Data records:

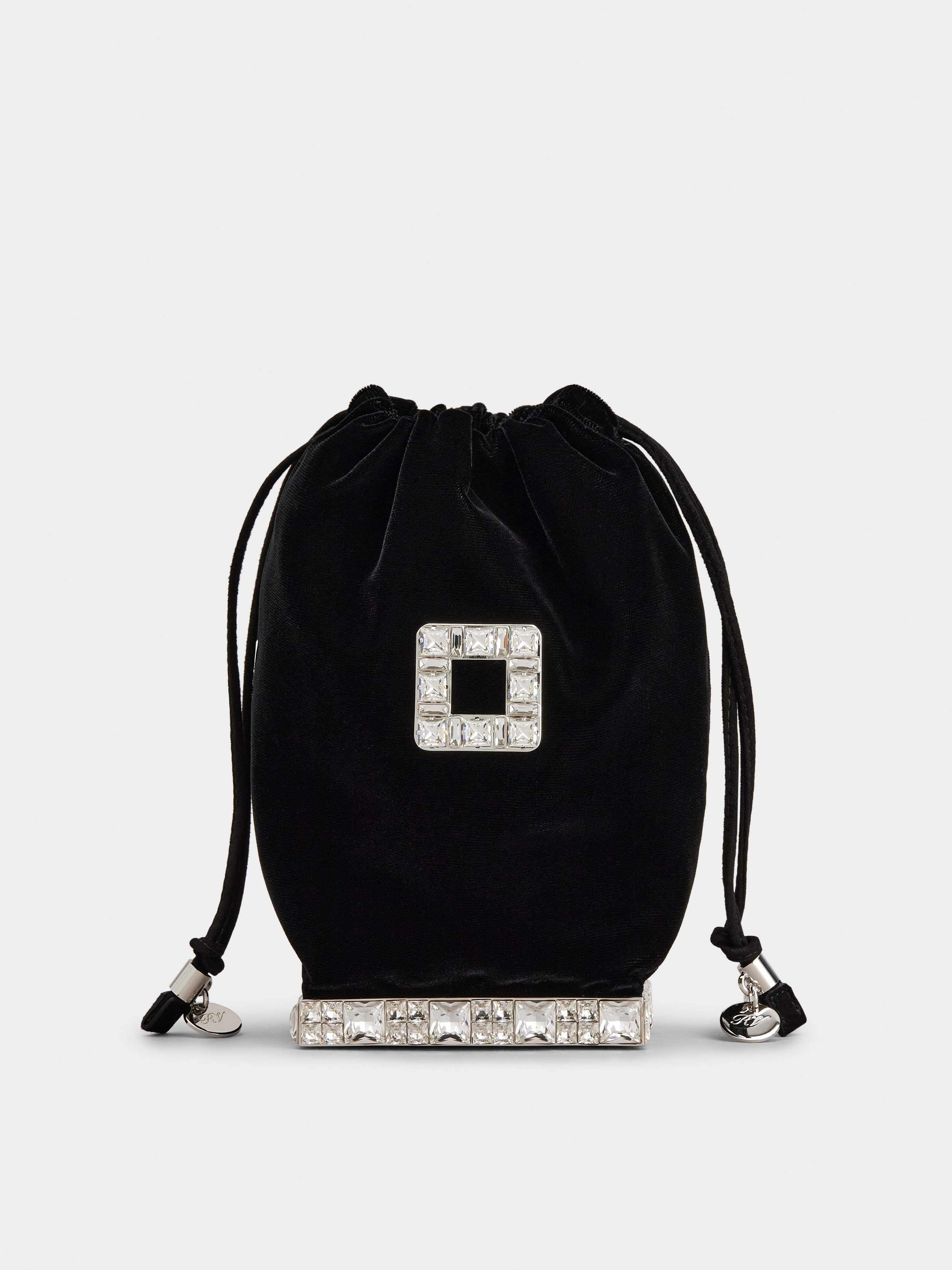 Featuring a metal base with crystals, the Viv' Pocket Strass Cube Bag is closed with a suede drawstring enhanced by branded metal charms. Crafted in soft velvet with the iconic crystal buckle, this alluring mini bag is completed by a concealed metal shoulder strap. An authentic jewel to wear on your arm. Description & details Made in Italy Item crafted in velvet Crystal buckle Metal base with crystals Roger Viver logo on the back Drawstring closure Braded metal charms Fabric interior Dimensions: 4.1 x 6.1 x 3.1 ins, suede drawstring/wristlet, metal shoulder strap Maintenance and care cards included Branded dustbag Mod: RBWANMK0100LVHB999
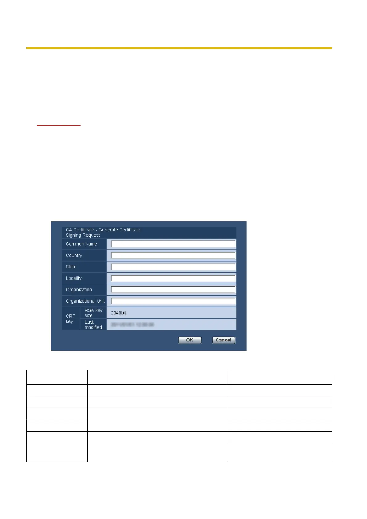→ The “CA Certificate - Generate Certificate Signing Request” dialog box will be displayed.
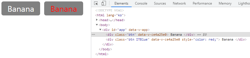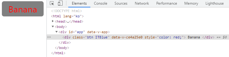 <template> <MyBtn class="ITBlue" style="color: red"> Banana </MyBtn> </template> <!-- script 생략 -->MyBtn.vue
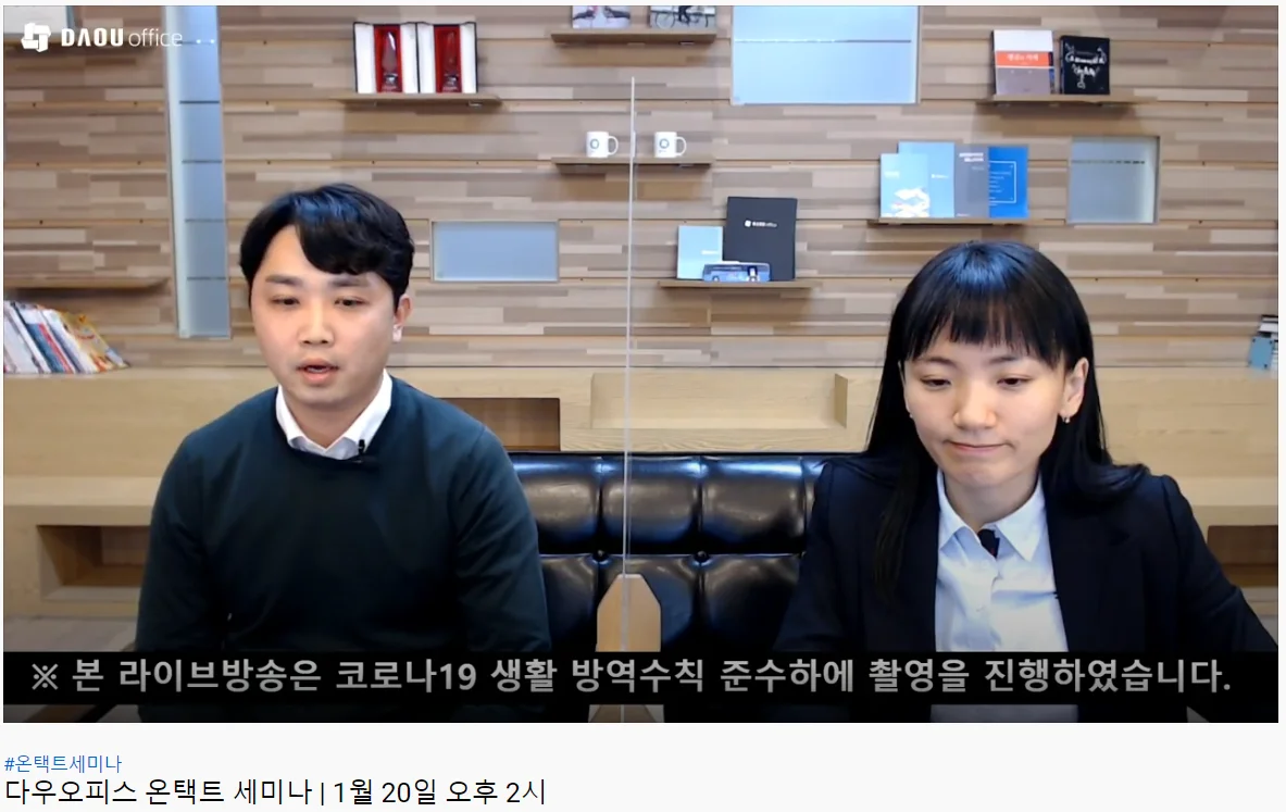 다우오피스 온택트 세미나가 1월 20일(수) 약 30분간 열렸습니다.
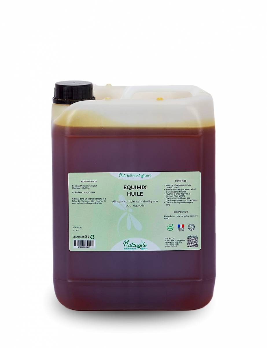 Equimix huiles est un mélange d’huile de lin, de colza et de maïs .
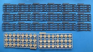 Hier finden wir 15 beige Spritzlinge, 22 graue Spritzlinge, dazu einen klaren Spritzling, die Unterwanne, die Kommandantenkuppel, eine PE Platine, Seilmaterial, 3D Druckteile und einen kleinen Decalbogen
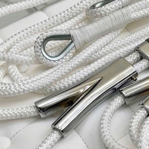 Heavy-duty 12mm hand-wound polypropylene rope, strength-tested for over one ton, featuring reinforced steel thimbles for lasting durability
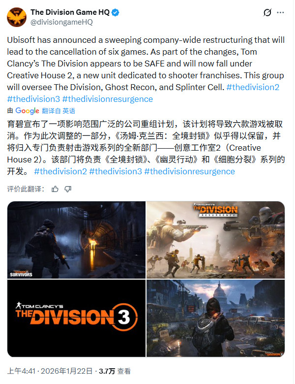 育碧将下设5个“创意工作室”,分别负责不同的IP,每个工作室都有自己的领导层,并对各自的IP组合承担“端到端”的责任,以便更快、更好地做出决策。
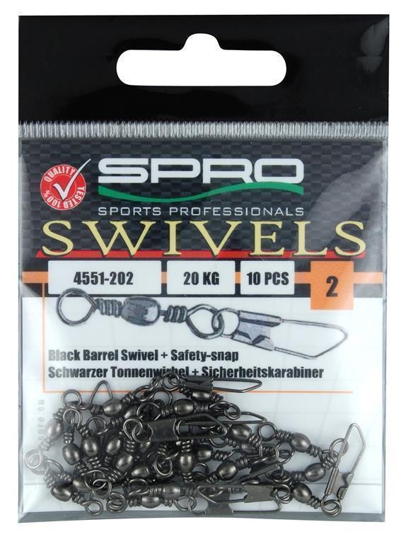 Die Tönnchenwirbel mit Karabiner von Spro gibt´s in verschiedenen Größen mit unterschiedlicher Tragkraft. Hochwertige Wirbel mit unterschiedlicher Tragkraft.
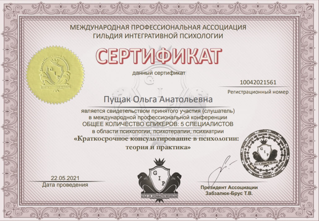 я практикуючий психолог-консультант. Працюю в методі позитивної психотерапії, а також тілесно-орієнтованої терапії в методі системної медіації глибинного лікування. Оскільки маю відношення до музичної сфери (за першою освітою), успішно застосовую арт-терапевтичні методики у своїй практиці. Знаходжуся в постійному розвитку та продовжую активно розширювати сферу своїх знань у психології, на курсах, авторських тренінгах та семінарах.
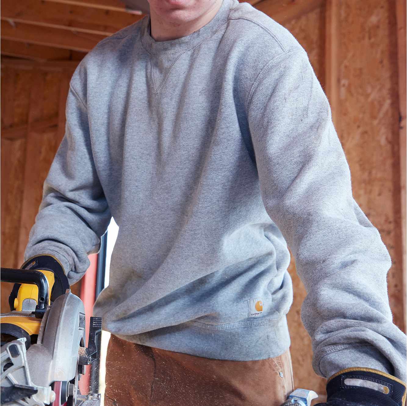 Cut the morning chill with this men's sweatshirt. A traditional cotton blend makes for versatile layering. Carhartt durability and familiar sweatshirt comfort mean you can haul lumber or relax with equal ease. A midweight cotton blend offers everyday versatility.
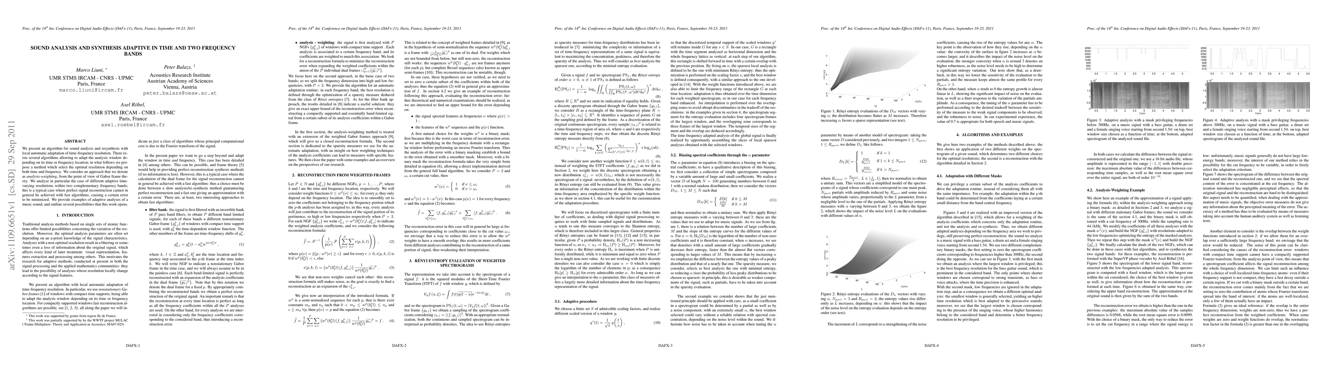 We present an algorithm for sound analysis and resynthesis with local automatic adaptation of time-frequency resolution. There exists several algorithms allowing to adapt the analysis window depending on its time or frequency location; in what follows we propose a method which select the optimal resolution depending on both time and frequency. We consider an approach that we denote as analysis-weighting, from the point of view of Gabor frame theory. We analyze in particular the case of different adaptive time-varying resolutions within two complementary frequency bands; this is a typical case where perfect signal reconstruction cannot in general be achieved with fast algorithms, causing a certain error to be minimized. We provide examples of adaptive analyses of a music sound, and outline several possibilities that this work opens.
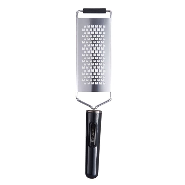 This Farberware Professional Black Medium Etched Hand Grater is perfectly sized for grating cheeses and chunks of hard chocolate. The ultra-sharp, etched stainless steel surface produces maximum results and the soft-grip footing ensures ease of grating with minimal effort. Includes a blade cover for protection when not in use. Measures 12-1/2 inches long. Dishwasher safe. .Specifications
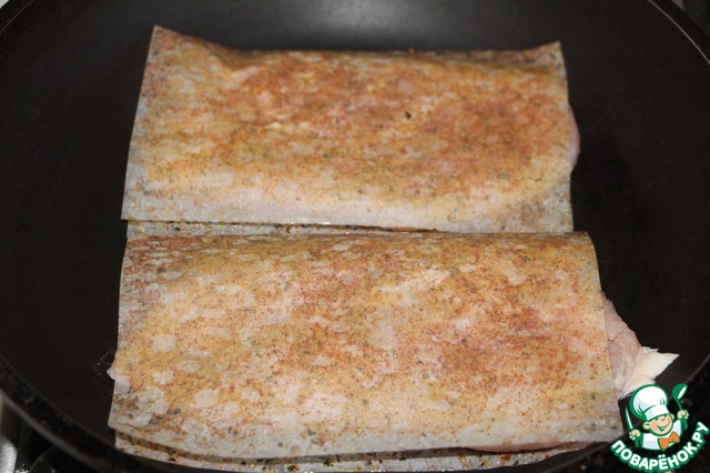 Развернуть лист для жарки и положить на одну половинку 1 филе.
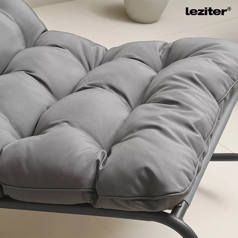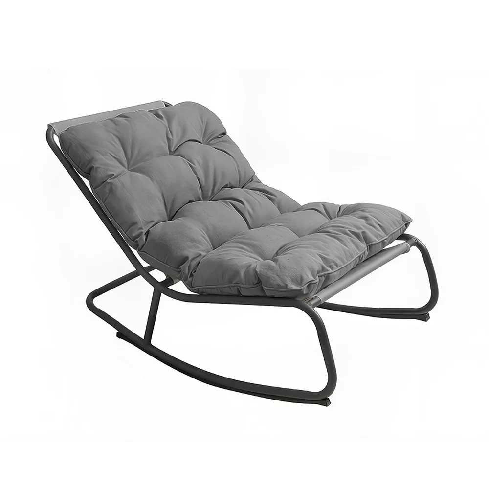 Powierzchnia siedziska fotela bujanego Zen jest wykonana z grubejpianki , która zapewnia wygodne podparcie podczas siedzenia i relaksu.Pokryta poliestrem poduszka z pikowanym wzorem pomaga zachować kształt, a jednocześnie zapewniamiękką i wygodną powierzchnię do krótszego lub dłuższego relaksu. Poduszka w kolorze szarym nadaje fotelowi bujanemu stonowany, neutralny wygląd, który z łatwością wkomponuje się w różne style, niezależnie od tego, czy jest to miejsce do siedzenia w ogrodzie, na patio czy w salonie. Kontrast między jasnym siedziskiem i czarną stalową ramą tworzy nowoczesny, czysty wygląd.

WHAT YOU NEED TO DO = Wherever an image appears, omit it; copy the rest of the records exactly.

TASK OUTPUT =
 Featuring a metal base with crystals, the Viv' Pocket Strass Cube Bag is closed with a suede drawstring enhanced by branded metal charms. Crafted in soft velvet with the iconic crystal buckle, this alluring mini bag is completed by a concealed metal shoulder strap. An authentic jewel to wear on your arm. Description & details Made in Italy Item crafted in velvet Crystal buckle Metal base with crystals Roger Viver logo on the back Drawstring closure Braded metal charms Fabric interior Dimensions: 4.1 x 6.1 x 3.1 ins, suede drawstring/wristlet, metal shoulder strap Maintenance and care cards included Branded dustbag Mod: RBWANMK0100LVHB999
→ The “CA Certificate - Generate Certificate Signing Request” dialog box will be displayed.
 <template> <MyBtn class="ITBlue" style="color: red"> Banana </MyBtn> </template> <!-- script 생략 -->MyBtn.vue
 다우오피스 온택트 세미나가 1월 20일(수) 약 30분간 열렸습니다.
 Equimix huiles est un mélange d’huile de lin, de colza et de maïs .
 Hier finden wir 15 beige Spritzlinge, 22 graue Spritzlinge, dazu einen klaren Spritzling, die Unterwanne, die Kommandantenkuppel, eine PE Platine, Seilmaterial, 3D Druckteile und einen kleinen Decalbogen
 Heavy-duty 12mm hand-wound polypropylene rope, strength-tested for over one ton, featuring reinforced steel thimbles for lasting durability
 育碧将下设5个“创意工作室”,分别负责不同的IP,每个工作室都有自己的领导层,并对各自的IP组合承担“端到端”的责任,以便更快、更好地做出决策。
 Die Tönnchenwirbel mit Karabiner von Spro gibt´s in verschiedenen Größen mit unterschiedlicher Tragkraft. Hochwertige Wirbel mit unterschiedlicher Tragkraft.
 я практикуючий психолог-консультант. Працюю в методі позитивної психотерапії, а також тілесно-орієнтованої терапії в методі системної медіації глибинного лікування. Оскільки маю відношення до музичної сфери (за першою освітою), успішно застосовую арт-терапевтичні методики у своїй практиці. Знаходжуся в постійному розвитку та продовжую активно розширювати сферу своїх знань у психології, на курсах, авторських тренінгах та семінарах.
 Cut the morning chill with this men's sweatshirt. A traditional cotton blend makes for versatile layering. Carhartt durability and familiar sweatshirt comfort mean you can haul lumber or relax with equal ease. A midweight cotton blend offers everyday versatility.
 We present an algorithm for sound analysis and resynthesis with local automatic adaptation of time-frequency resolution. There exists several algorithms allowing to adapt the analysis window depending on its time or frequency location; in what follows we propose a method which select the optimal resolution depending on both time and frequency. We consider an approach that we denote as analysis-weighting, from the point of view of Gabor frame theory. We analyze in particular the case of different adaptive time-varying resolutions within two complementary frequency bands; this is a typical case where perfect signal reconstruction cannot in general be achieved with fast algorithms, causing a certain error to be minimized. We provide examples of adaptive analyses of a music sound, and outline several possibilities that this work opens.
 This Farberware Professional Black Medium Etched Hand Grater is perfectly sized for grating cheeses and chunks of hard chocolate. The ultra-sharp, etched stainless steel surface produces maximum results and the soft-grip footing ensures ease of grating with minimal effort. Includes a blade cover for protection when not in use. Measures 12-1/2 inches long. Dishwasher safe. .Specifications
 Развернуть лист для жарки и положить на одну половинку 1 филе.
 Powierzchnia siedziska fotela bujanego Zen jest wykonana z grubejpianki , która zapewnia wygodne podparcie podczas siedzenia i relaksu.Pokryta poliestrem poduszka z pikowanym wzorem pomaga zachować kształt, a jednocześnie zapewniamiękką i wygodną powierzchnię do krótszego lub dłuższego relaksu. Poduszka w kolorze szarym nadaje fotelowi bujanemu stonowany, neutralny wygląd, który z łatwością wkomponuje się w różne style, niezależnie od tego, czy jest to miejsce do siedzenia w ogrodzie, na patio czy w salonie. Kontrast między jasnym siedziskiem i czarną stalową ramą tworzy nowoczesny, czysty wygląd.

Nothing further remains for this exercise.